## Data extract
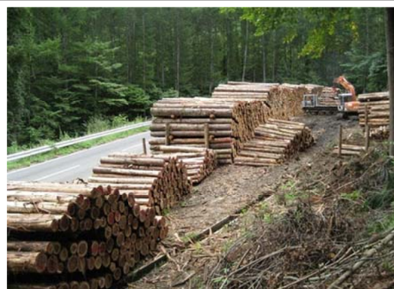
緑資源幹線林道八戸・川内線 林道沿いの土場施設を利用した木材搬出状況
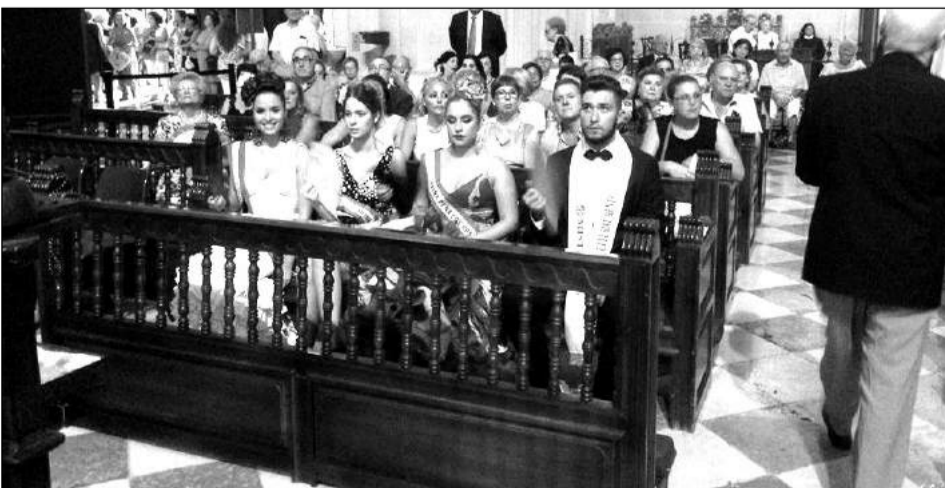
Se contó con la asistencia de representantes de numerosas entidades.
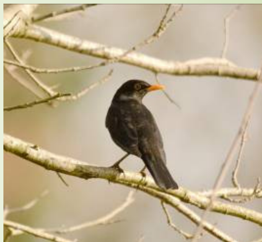
Merle noir (L. Herriau)

Des panneaux pédagogiques sont disposés le long du parcours sur les arbres, la vie de la haie, le rôle du bois mort ou du lierre. Les écoles, l'accueil de loisirs, ainsi que les randonneurs fréquentent les lieux.

## Work item
Without the pictures, output the full listing exactly as it stands.

## Written response
緑資源幹線林道八戸・川内線 林道沿いの土場施設を利用した木材搬出状況
Se contó con la asistencia de representantes de numerosas entidades.
Merle noir (L. Herriau)

Des panneaux pédagogiques sont disposés le long du parcours sur les arbres, la vie de la haie, le rôle du bois mort ou du lierre. Les écoles, l'accueil de loisirs, ainsi que les randonneurs fréquentent les lieux.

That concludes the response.